Fitness: tu reprends après 1 an, tu fais quoi semaine 1 ?

Salut à tous ici Néora. Tu reprends le fitness après un an sans sport ? La clé, c’est la progression progressive : pas de folie dès la première semaine, c’est l’échauffement précis de la reprise qui fait toute la différence.

La première semaine doit remettre ton corps en mouvement en douceur, favoriser la mobilité articulaire et ton adaptation musculaire. On redémarre avec du cardio léger, des exercices de base pour solliciter chaque groupe musculaire, une bonne dose de renforcement musculaire adapté et, surtout, de vrais temps d’étirements. Il ne faut jamais brûler les étapes pour éviter les blessures et la démotivation.

À faire tout de suite :

  • Planifie 3 à 4 séances courtes (30 à 45 min) cette semaine pour reprendre
  • Commence toujours par un échauffement complet (mobilité, cardio doux)
  • Inclue des mouvements fonctionnels et exercices de base comme squats, pompes, gainage
  • Sois vigilant à l’écoute du corps : pas de douleur anormale, stop si ça tire trop fort
  • Termine chaque séance par des étirements pour récupérer

Si ta reprise vient d’une blessure, regarde ce programme de réathlétisation et renforcement progressif. Si au contraire tu as seulement perdu ta routine, consulte ce guide sur 3 séances pour une bonne reprise.
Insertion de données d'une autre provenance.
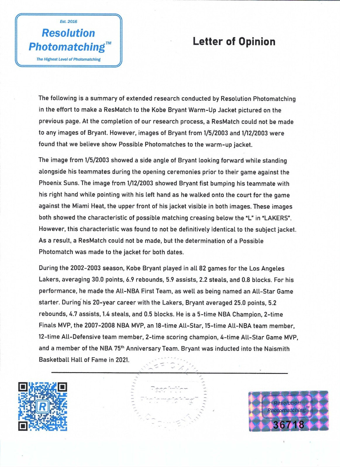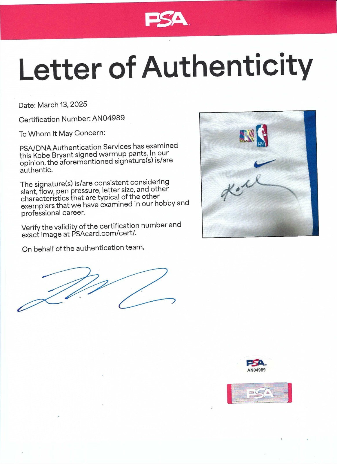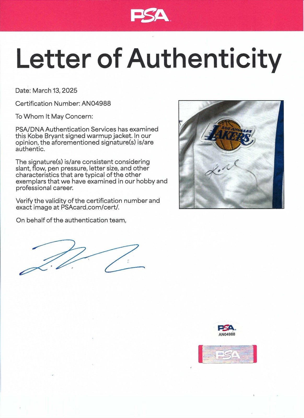 Includes full LOAs from JSA and PSA/DNA for the two Kobe autographs; a letter from the Los Angeles Lakers on team letterhead; and a letter of opinion from Resolution Photomatching.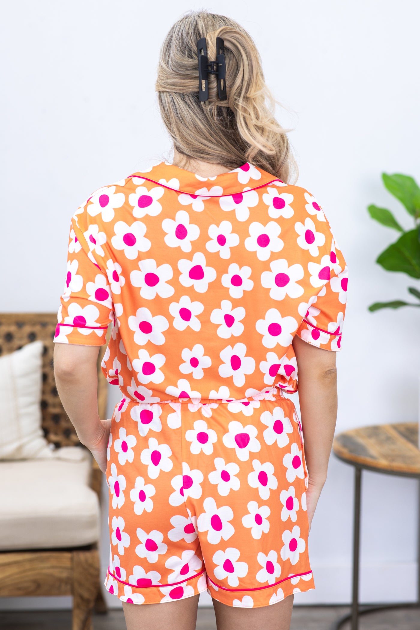 I love the bright colors in this pajama set! The top is pretty big (I wear a small and ordered a small), but then the bottoms are super tight around the waist! I kept them since they were on a final sale, and did alter the top a bit to fit better! I rolled the shorts, and that seemed to help.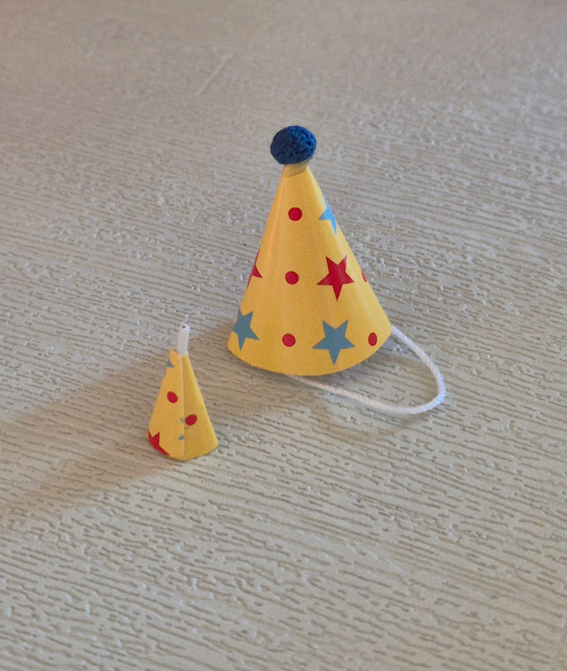 Pæne gule party hatte til fest og højtider. Passer bedst til 1:12, men kan med god vilje bruges til 1:16.

Comment intégrer la réathlétisation et le cardio léger pour relancer sa forme

Reprendre après un long arrêt, c’est comme réapprendre à marcher. La réathlétisation est indispensable pour remettre ton corps à niveau sans stress. La semaine 1 doit prioriser le cardio léger : marche rapide, vélo doux ou rameur à faible intensité. Cela permet d’améliorer le système cardiovasculaire sans l’écoeurer.

En parallèle, le corps a besoin de retrouver sa souplesse via des exercices simples de mobilité articulaire. Les mouvements doivent être fluides, sans forcer, pour préparer les muscles à un effort réel.
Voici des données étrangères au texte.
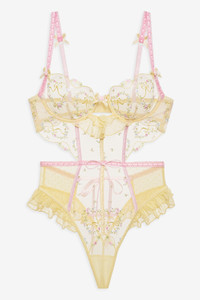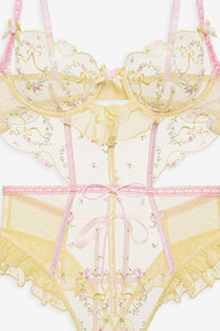 Celebrate the art of feminine charm in the Sunny Bouquet yellow teddy–a thong bodysuit adorned with floral heart and bow embroidery, an elegant slotted ribbon trim, and tiered mesh ruffles at the hips and center-front gore. Spotlighting rosette topped bow appliques and a low open back, this lingerie bodysuit was designed for basking in sunlit gardens. Style Notes - Unlined - G-string panty coverage - Adjustable shoulder straps - Functional ribbon tie at waist - Bra hook and eye closure at center-back Fabric + Care - Crafted in 100% recycled polyester - Embroidery is made of 100% polyester - Mesh is made of 82% polyamide, 18% elastane - Gusset is made of 100% modal - Hand wash cold - Do not wring or twist - Line dry - Do not dry clean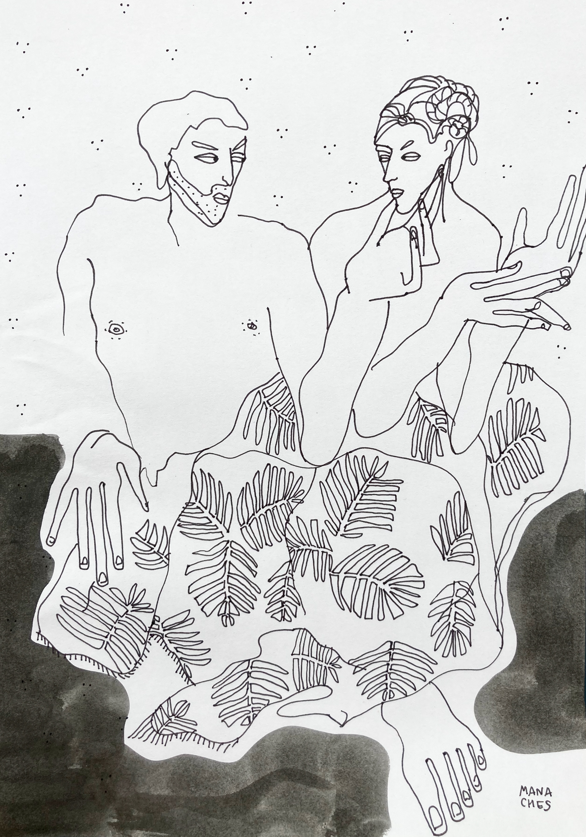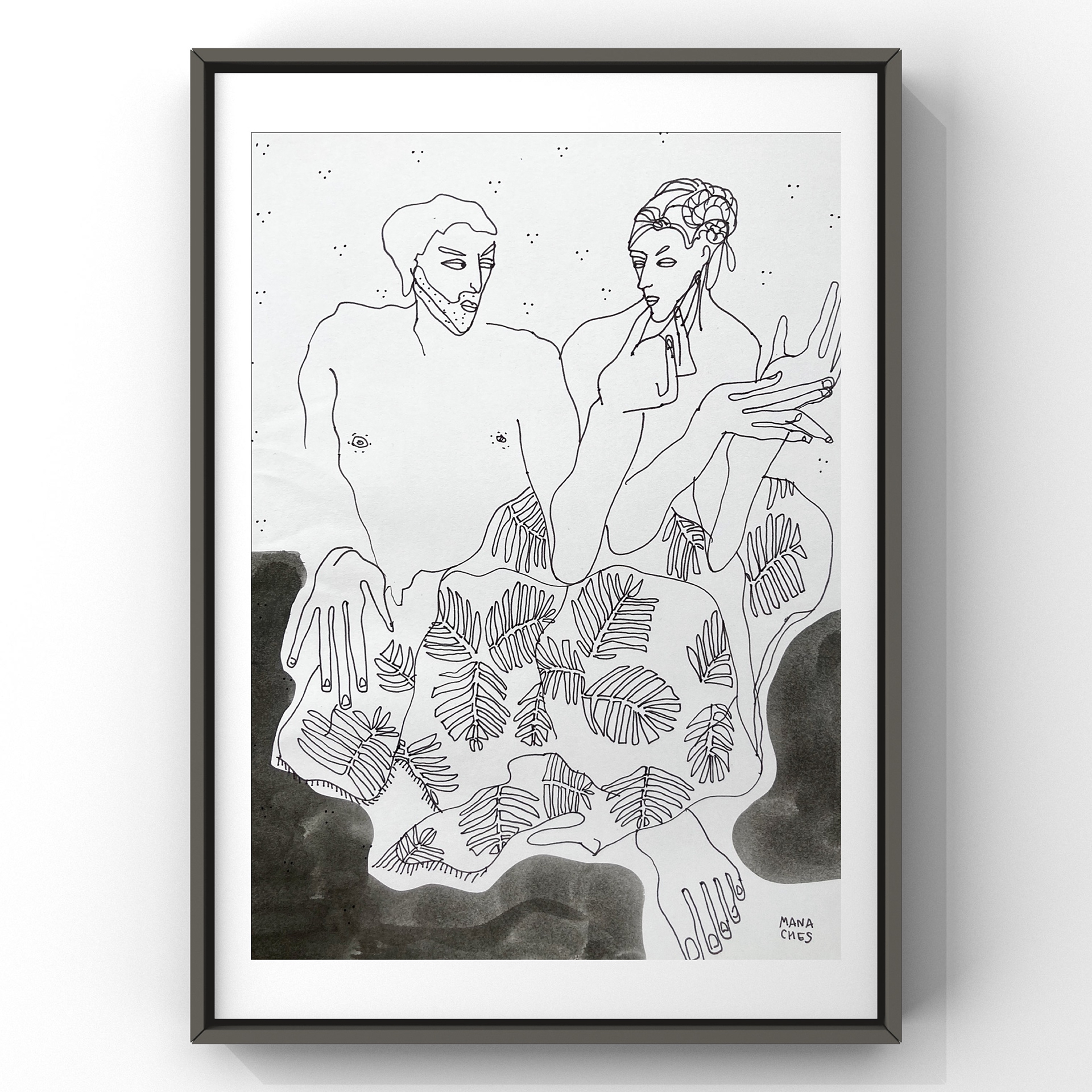 Ulysse et Pénélope Encre de Chine sur papier Hauteur: 29 Centimètres , Largeur: 20 Centimètres Cadre non fourni Oeuvre originale signée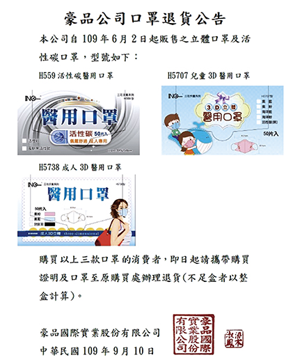 豪品國際實業股份有限公司自大陸地區進口非醫療用口罩約上千萬片,換裝混充成「台灣製」MIT醫用口罩,金門縣衛生局詳查後,確認豪品公司口罩並未流入金門,請鄉親放心。 「口罩國家隊」自黑心口罩事件爆發後,彰化地方檢察署查獲豪品國際實業股份有限公司自109年6月2日起,自大陸地區進口非醫療用口罩約上千萬片,換裝混充成「台灣製」MIT醫用口罩,為3D立體口罩(含成人用及兒童用)及平面活性炭口罩,並已流入實體店面及網站上販售;經濟部初步核對,大陸製口罩應未流入實名制通路。 金門縣衛生局表示,9月10日調查轄內實名制口罩販售之藥局及衛生所及非實名制市售盒裝口罩之賣場及藥粧店等,經查豪品公司口罩未流入金門之上述販售點,衛生局表示,會嚴格把關,將持續加強稽查口罩產品流向,請鄉親放心。 豪品國際實業股份有限公司公告自109年6月2日起,凡購買型號為:H559活性炭醫用口罩、H5705兒童3D醫用口罩及H5738成人3D醫用口罩等3款口罩的消費者,即日起請攜帶購買證明及口罩至原購買處辦理退貨,豪品公司電話04-8346-280。
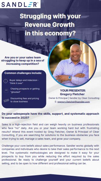 The Cayman Islands Chamber of Commerce is pleased to announce its upcoming Lunch & Learn session, featuring Gregory Fletcher, Owner & Principal of Clear Consulting Group Ltd, the exclusive provider of Sandler Training in the Cayman Islands.
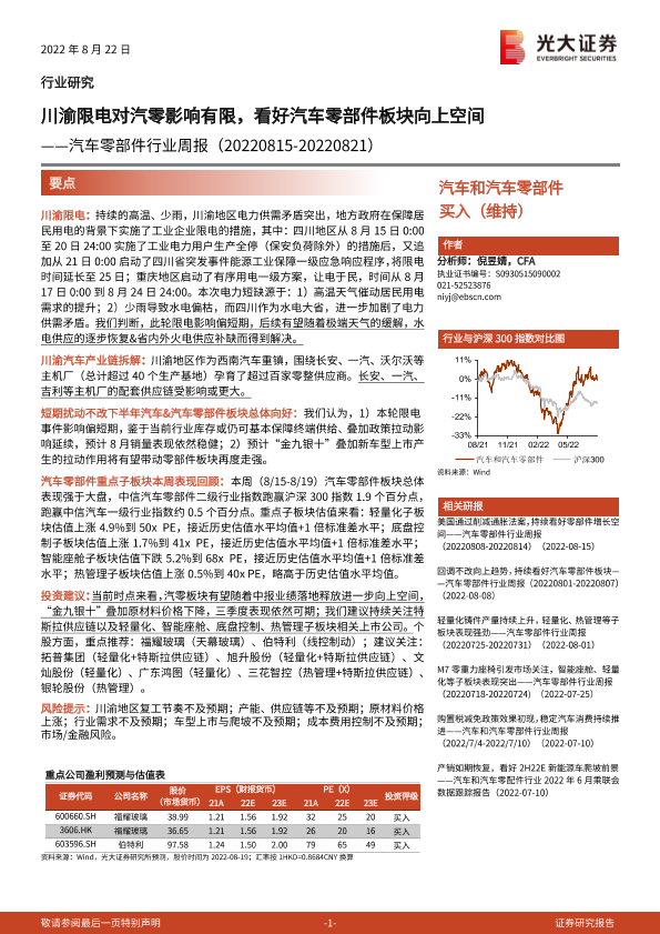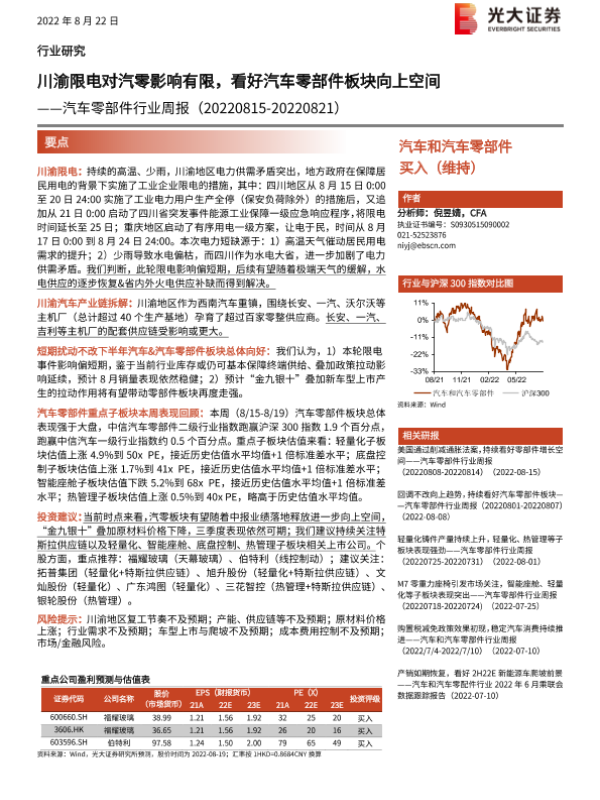 【光大证券】【20220822】汽车零部件行业周报:川渝限电对汽零影响有限,看好汽车零部件板块向上空间-21页

Une anecdote ? J’ai vu une sportive reprendre trop vite en mode intensif, résultat : une douleur au genou évitable en suivant uniquement ce schéma simple de relance progressive. Comme l’a dit Confucius, « La patience est un arbre dont la racine est amère, mais dont les fruits sont très doux. »

Les exercices de base à privilégier pour un renforcement progressif dès la semaine 1

Pour renforcer le corps dès le début, commence avec ces exercices à réaliser 2 à 3 fois par semaine :

  • Squats sans charge pour réveiller les jambes
  • Pompes modifiées (sur les genoux) pour solliciter le haut du corps
  • Gainage frontal 3 x 20 secondes pour engager le centre du corps
  • Superman au sol pour le dos
  • Fentes statiques légères, juste pour rééquilibrer

Ces mouvements, simples à faire chez soi, permettent une remise dans le bain musculaire sans shock. Garde un rythme lent, concentre-toi sur la technique, pas sur la vitesse. La planification hebdomadaire consiste à moduler l’intensité selon ta écoute du corps.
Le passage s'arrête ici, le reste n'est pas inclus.